(Stored data)
·····

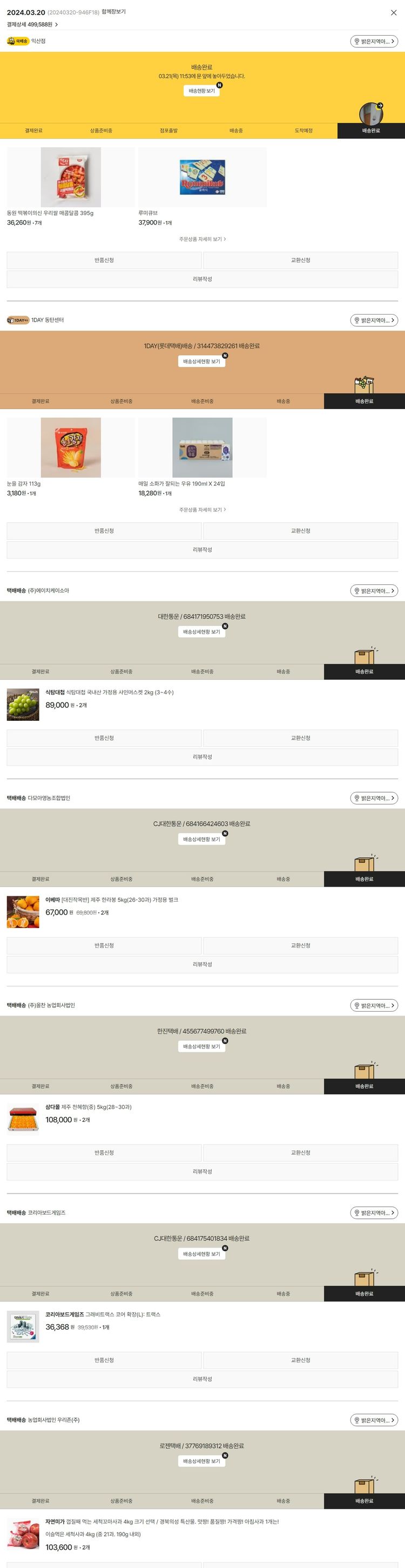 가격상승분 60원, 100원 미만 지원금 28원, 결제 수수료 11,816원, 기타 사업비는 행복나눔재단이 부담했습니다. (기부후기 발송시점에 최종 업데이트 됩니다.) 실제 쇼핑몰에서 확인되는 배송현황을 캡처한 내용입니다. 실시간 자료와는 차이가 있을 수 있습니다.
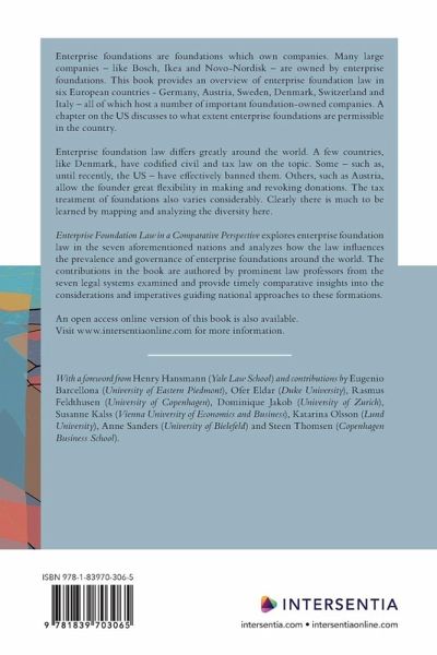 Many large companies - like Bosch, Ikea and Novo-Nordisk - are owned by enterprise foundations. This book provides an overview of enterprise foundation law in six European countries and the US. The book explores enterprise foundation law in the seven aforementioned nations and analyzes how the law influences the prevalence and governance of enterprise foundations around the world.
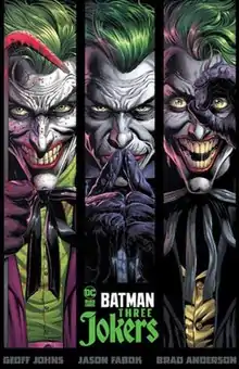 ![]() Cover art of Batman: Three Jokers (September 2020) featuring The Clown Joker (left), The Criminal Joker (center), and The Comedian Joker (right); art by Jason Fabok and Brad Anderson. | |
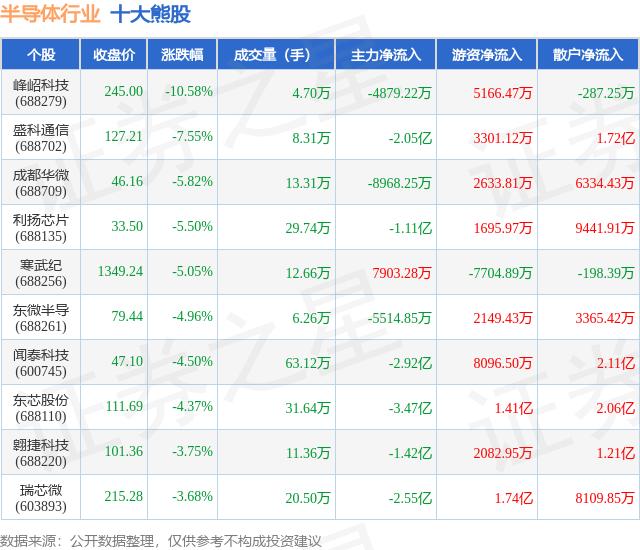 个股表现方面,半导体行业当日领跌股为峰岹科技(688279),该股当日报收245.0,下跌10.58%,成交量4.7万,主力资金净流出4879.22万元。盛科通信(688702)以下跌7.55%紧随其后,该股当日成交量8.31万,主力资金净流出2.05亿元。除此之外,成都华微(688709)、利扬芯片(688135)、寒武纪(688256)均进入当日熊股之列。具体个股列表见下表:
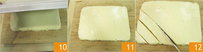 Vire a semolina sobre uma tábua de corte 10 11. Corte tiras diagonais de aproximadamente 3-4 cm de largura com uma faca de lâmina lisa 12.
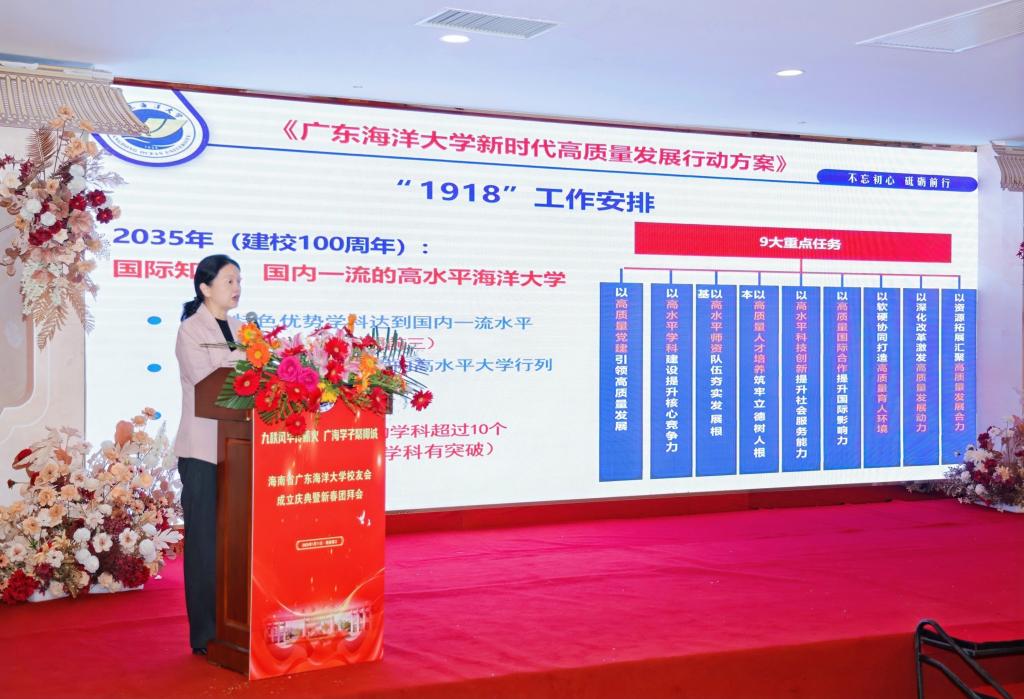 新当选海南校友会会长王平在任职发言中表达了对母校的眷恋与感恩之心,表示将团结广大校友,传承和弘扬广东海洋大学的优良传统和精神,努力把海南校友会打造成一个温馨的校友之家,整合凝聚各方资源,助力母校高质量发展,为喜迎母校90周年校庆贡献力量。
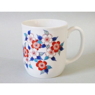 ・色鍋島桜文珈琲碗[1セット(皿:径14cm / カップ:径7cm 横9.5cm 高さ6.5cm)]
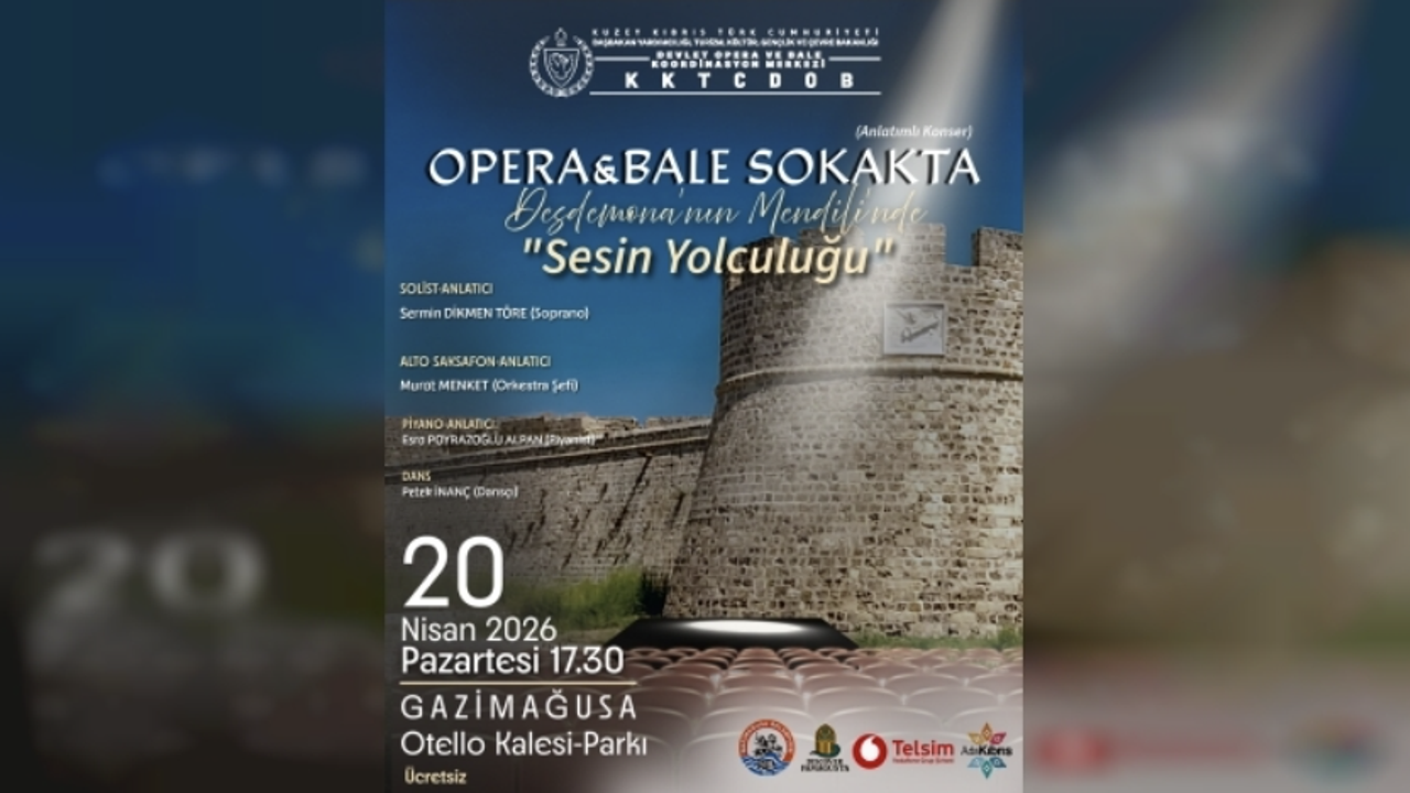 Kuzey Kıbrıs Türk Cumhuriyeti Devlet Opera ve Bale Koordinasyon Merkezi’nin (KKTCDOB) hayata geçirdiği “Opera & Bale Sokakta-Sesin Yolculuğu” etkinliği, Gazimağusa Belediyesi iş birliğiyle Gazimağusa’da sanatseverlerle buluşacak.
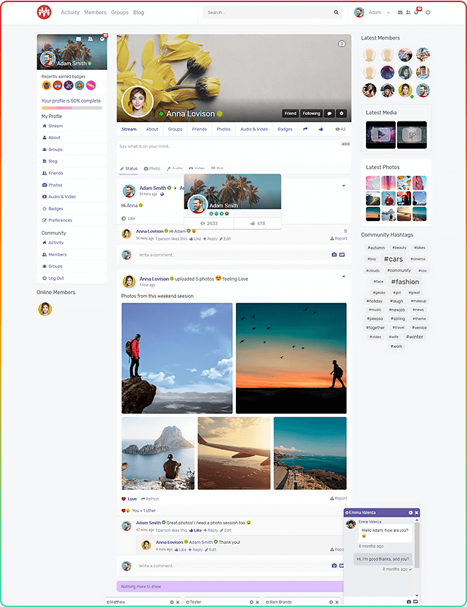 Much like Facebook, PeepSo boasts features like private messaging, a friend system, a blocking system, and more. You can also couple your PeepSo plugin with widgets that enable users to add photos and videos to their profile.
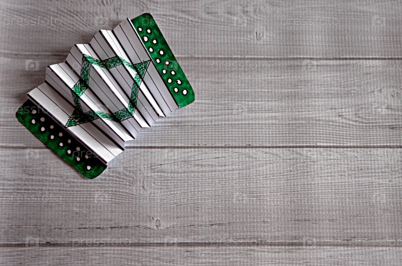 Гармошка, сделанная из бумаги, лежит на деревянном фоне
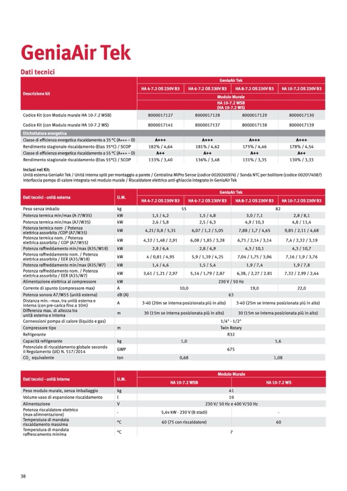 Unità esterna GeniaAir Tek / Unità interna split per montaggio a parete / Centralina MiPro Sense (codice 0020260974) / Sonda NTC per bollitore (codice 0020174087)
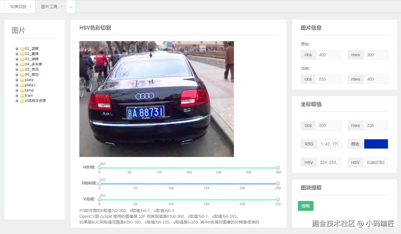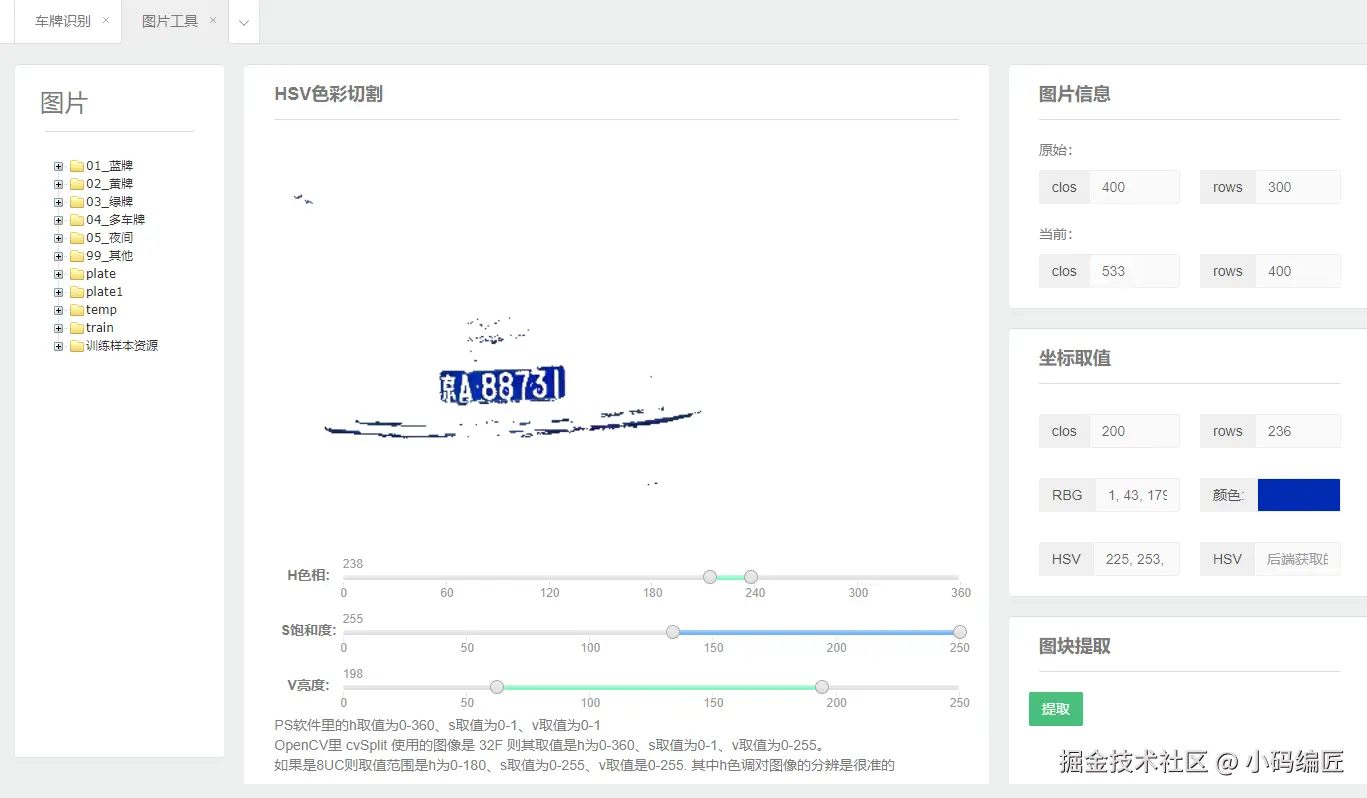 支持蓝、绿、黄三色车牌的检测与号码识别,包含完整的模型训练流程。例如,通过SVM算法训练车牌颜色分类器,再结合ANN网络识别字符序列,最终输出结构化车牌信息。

·····

## TRY IT
In the copy, no picture may appear; the records themselves must be output exactly.

## TASK OUTPUT
 가격상승분 60원, 100원 미만 지원금 28원, 결제 수수료 11,816원, 기타 사업비는 행복나눔재단이 부담했습니다. (기부후기 발송시점에 최종 업데이트 됩니다.) 실제 쇼핑몰에서 확인되는 배송현황을 캡처한 내용입니다. 실시간 자료와는 차이가 있을 수 있습니다.
 Many large companies - like Bosch, Ikea and Novo-Nordisk - are owned by enterprise foundations. This book provides an overview of enterprise foundation law in six European countries and the US. The book explores enterprise foundation law in the seven aforementioned nations and analyzes how the law influences the prevalence and governance of enterprise foundations around the world.
 ![]() Cover art of Batman: Three Jokers (September 2020) featuring The Clown Joker (left), The Criminal Joker (center), and The Comedian Joker (right); art by Jason Fabok and Brad Anderson. | |
 个股表现方面,半导体行业当日领跌股为峰岹科技(688279),该股当日报收245.0,下跌10.58%,成交量4.7万,主力资金净流出4879.22万元。盛科通信(688702)以下跌7.55%紧随其后,该股当日成交量8.31万,主力资金净流出2.05亿元。除此之外,成都华微(688709)、利扬芯片(688135)、寒武纪(688256)均进入当日熊股之列。具体个股列表见下表:
 Vire a semolina sobre uma tábua de corte 10 11. Corte tiras diagonais de aproximadamente 3-4 cm de largura com uma faca de lâmina lisa 12.
 新当选海南校友会会长王平在任职发言中表达了对母校的眷恋与感恩之心,表示将团结广大校友,传承和弘扬广东海洋大学的优良传统和精神,努力把海南校友会打造成一个温馨的校友之家,整合凝聚各方资源,助力母校高质量发展,为喜迎母校90周年校庆贡献力量。
 ・色鍋島桜文珈琲碗[1セット(皿:径14cm / カップ:径7cm 横9.5cm 高さ6.5cm)]
 Kuzey Kıbrıs Türk Cumhuriyeti Devlet Opera ve Bale Koordinasyon Merkezi’nin (KKTCDOB) hayata geçirdiği “Opera & Bale Sokakta-Sesin Yolculuğu” etkinliği, Gazimağusa Belediyesi iş birliğiyle Gazimağusa’da sanatseverlerle buluşacak.
 Much like Facebook, PeepSo boasts features like private messaging, a friend system, a blocking system, and more. You can also couple your PeepSo plugin with widgets that enable users to add photos and videos to their profile.
 Гармошка, сделанная из бумаги, лежит на деревянном фоне
 Unità esterna GeniaAir Tek / Unità interna split per montaggio a parete / Centralina MiPro Sense (codice 0020260974) / Sonda NTC per bollitore (codice 0020174087)
 支持蓝、绿、黄三色车牌的检测与号码识别,包含完整的模型训练流程。例如,通过SVM算法训练车牌颜色分类器,再结合ANN网络识别字符序列,最终输出结构化车牌信息。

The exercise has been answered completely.